# I'm lost. Quick help please.



## Search (Jul 31, 2009)

I knew little about the organization of everything under SOCOM and decided tonight to educate myself as I find it something to know. Notice: I've searched. Either it's never been discussed or I typed the wrong term.

Army specifically:

I understand there are five "groups". Being non-Mil I my terms are nowhere to be found. Rangers, SF, 160th, etc.

The rangers I understand very well. It's broken down into, smaller groups.. 

The SF is the one I don't understand.

What is an ODA? I hear about them a lot but I'm not sure what it means. Acronym aside.

Using THIS website I can see the the SF are broken down into groups. 1st to 20th.

I'm not an airsofter, nor do I get a boner from hearing Delta, but where does 1st SOFD-D fit in? A part of one of these groups or are they apart from SF all together?

I've never heard of 1st SOFD-A or well anything but D so is there anything else out there?

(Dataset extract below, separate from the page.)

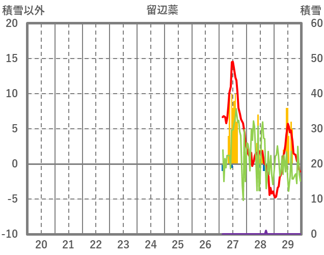 | 日 | 時 | 気温 | 降水 | 風向/風速 | 日照 | 積雪 | 降雪 |

I'm in LE but am interested in Military Ops obviously. Personal circumstances hold me from finding out further 

If there is a website or thread I missed point me there and I'll apologize for a possible useless thread.


----------



## EverSoLost (Jul 31, 2009)

Before you enter the discussion group for this site you can find all the information you're looking for.  So on the Main SS there is a seperate page for each of the aforementioned Units.


----------



## EverSoLost (Jul 31, 2009)

http://www.shadowspear.com/special-operations-research.html

try here


----------



## Search (Aug 1, 2009)

After another trip to Wikipedia I think I've figured it out.

US Army Special Forces has 5 active groups and 2 National Guard groups.

Each group a certain number of ODAs. Which are the direct action force.

Then ODBs and ODCs. I understand that.

Now to go figure out the main difference in SF and Rangers. Which I won't ask.

website shed a little light:)

And Here is another one :)


----------



## pardus (Aug 1, 2009)

Search said:


> a possible useless thread.



I think we can safely remove the word 'possible'....


----------



## Search (Aug 1, 2009)

pardus said:


> I think we can safely remove the word 'possible'....



What I didn't understand was when I read ODA XXX did this or that. I was trying to figure out how that fit in with the SF.

It was after the thread that I read somewhere by accident about OD(A - C).

A quick look back into Wikipedia at something I overlooked and I figured it out.

You'll have to forgive me. I didn't come here entirely for the Mil aspect. 

However, all this has made me regret not joining when I was younger


----------



## Polar Bear (Aug 1, 2009)

Please watch the kind of questions you ask. The bad guys read us to


----------



## Search (Aug 1, 2009)

Polar Bear said:


> Please watch the kind of questions you ask. The bad guys read us to



10-4

Only question about anything like this I foresee. Just wanted to understand a little of what I read from time to time.


----------